Friday, January 18, 2013

Beating a Dead Workforce

Funny F*ckin' Friday

When an employee drops dead from being overworked, Veronica tries to parlay the tragedy into a method of motivation to convince the rest of her staff to meet an important deadline.

Previous: The Great Repression

Veronica's (Portia de Rossi) cold-blooded determination to succeed has made her an incredible tool for Veridian Dynamics, and one of her greatest assets is to spin anything in her own favor. While the tragic death of one of her employees, caused by over exhaustion from working too hard, is likely to incite riot under anyone else's supervision, Veronica instead paints the employee's death as a sacrifice for the greater good of the company, one man's determination to help Veridian succeed where others refuse, and in doing so she manages to convince her employees that anything less than everything they've got is disrespectful to the dead employee's memory.

At first seeing the death of Jenkins (Warren Sweeney) as nothing more than an annoyance, Veronica is made to use his loss as a tool to motivate the rest of her staff as "the company feels that if [they] ease up because someone died, it will only encourage others to die," and that would drive productivity into the ground.
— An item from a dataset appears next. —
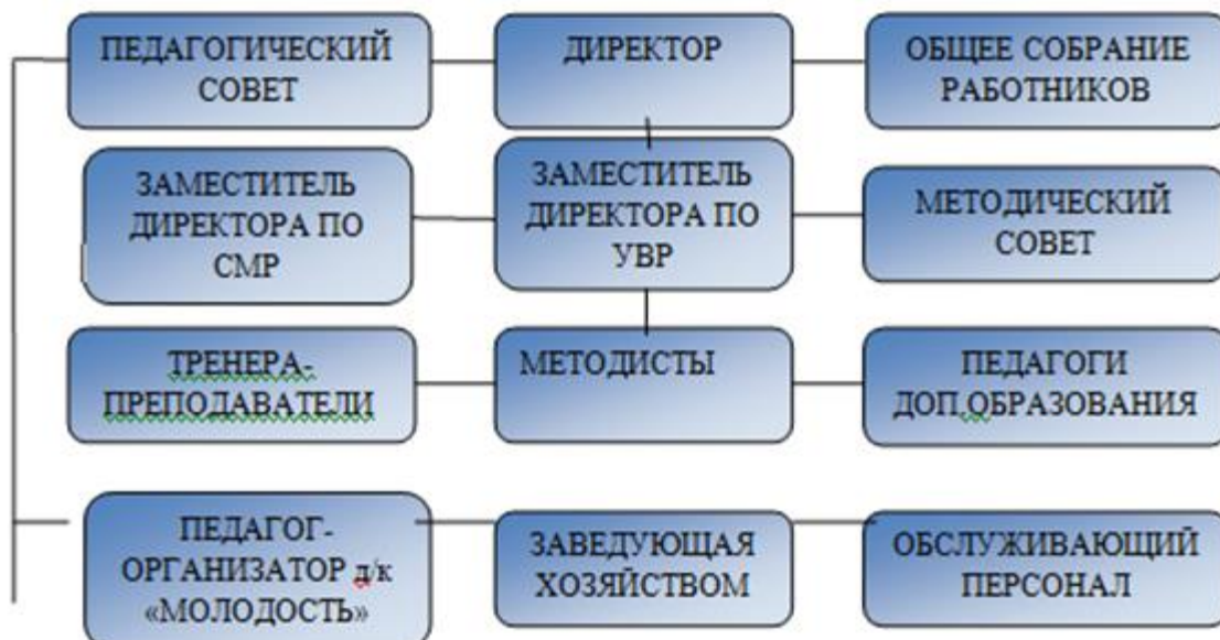
Рисунок 1 – Структура МОУДО ДЮЦ «Азимут»

Сложившаяся система управления МОУДО ДЮЦ «Азимут» обеспечивает выполнение поставленных целей и задач и в целом соответствует современным требованиям. Структура управления деятельности Центра представлена на Рисунке 1.

Chosen to be the final speaker at Jenkins' memorial service, Veronica rouses the crowd into thinking that they need to work harder in order to finish the project in his memory, stating privately to Ted (Jay Harrington) that "the company didn't think 'sad' was the way to go," letting her employees think that they're creating a legacy for Jenkins in completing the project he worked so hard on.

Lem (Malcolm Barrett) uses his 'close friendship' with Jenkins to get in with the cool accountants from upstairs, being invited to smoke with them and stating that "[he] do[esn't] smoke, but [he]'d love to watch [them] smoke." Soon Lem is making up elaborate stories about he and Jenkins on fishing trips and other adventures that, in reality, are extreme elaborations of things that happened to he and Phil (Jonathan Slavin). Eventually Phil feels as though he's been replaced as Lem's best friend by a dead man, and the situation is so ridiculous that it should be sad, but it's just hilarious.
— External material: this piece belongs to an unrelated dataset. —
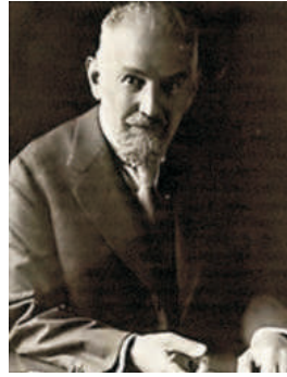
William Stern (1871-1938) Begründer der Differenziellen Psychologie und Erfinder des ersten Intelligenzquotienten

Dieser "moderne IQ" ist aber nicht mit Maßeinheiten wie Zentimeter, Minuten, Stundenkilometer oder Kilogramm vergleichbar. Bei den genannten Maßeinheiten, mit denen wir im Alltag ständig umgehen, sind Aussagen über die Relation unterschiedlicher Werte zulässig und sinnvoll. So kann man eben nicht nur sagen, dass zwei Kilogramm Karotten mehr sind als ein Kilogramm, sondern dass es sich exakt um die doppelte Menge handelt; anders ausgedrückt um "hundert Prozent mehr". Wenn eine Frau 160 cm groß ist, und ihr Mann 176

Ted states that Jenkins had been at his desk when he left at night, and was back at his desk before Ted got to work the next day, and gathers a group of employees to bring him a cake as a reward. Naturally, they find him dead in his office, and the setup here is just so incredibly obvious that it was seen coming from the moment Ted started talking. A little misdirection would have been nice here.

Initially upset that his final interaction with Jenkins involved throwing coffee at him, Lem is quick to exploit his reputation as Jenkins' friend in order to make a name for himself. Soon Jenkins becomes something of a messiah to the office dwellers, with the eight people who found his body being referred to as "the finders," and at no point does Lem take notice that what he's doing is actually disrespectful to the man he's so concerned about having wronged. It gets to the point that the company gives Lem Jenkins' ashes, because the two were such close friends and Jenkins has no remaining family, but it would have been nice for Lem to have shown some kind of remorse for his actions through this story.
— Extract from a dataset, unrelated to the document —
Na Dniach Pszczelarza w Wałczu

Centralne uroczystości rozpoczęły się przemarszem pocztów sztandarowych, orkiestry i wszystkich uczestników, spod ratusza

De Rossi absolutely knocks it out of the park in this episode, stealing every scene she's in and really bringing the material to life. Her chemistry with Andrea Anders (as Linda) is fantastic here, and, as always, it's a pleasure to see Merrin Dungey return to the role of Sheila. The rest of the cast is great in their roles, too, creating a very well-rounded energy that brings out the best in everyone involved.

There are a lot of little things in Marc Buckland's direction here that add up to make an incredibly entertaining episode, one of the funniest being Phil's incapability to break open Jenkins' urn and Linda's numerous attempts to live in the moment and appreciate her life. The people speaking at Jenkins' memorial without knowing a single thing about him is genius, as is the video about Jenkins playing in the elevator, accompanied by Veronica's cover of Rick Astley's 'Never Gonna Give You Up.'

Ingrid Escajeda writes this episode with a focus on how detrimental extended work hours can be to both morale and productivity, showing that the mood of the office takes a huge dip the longer everyone is made to stay and the employees quickly grow more aggressive with one another. In order to alleviate the tension Veronica suggests that they fire the most productive employee in order to scare the rest into doing their jobs, while Ted counters by suggesting that they instead reward the hardest working employee in order to motivate the rest. Overall this is a huge improvement over a number of episodes within the second season, and a return to form of the first year of this series.

Despite the minor rift that grows between Phil and Lem during the course of this episode, the two end up bonding closer than ever due to Lem's admittance of truth to everyone about his lack of familiarity with Jenkins. The employee's appreciation for the company is also short-lived, after realizing that they had been manipulated into doing massive amounts of work, though it's likely to have had no effect on them in later stories.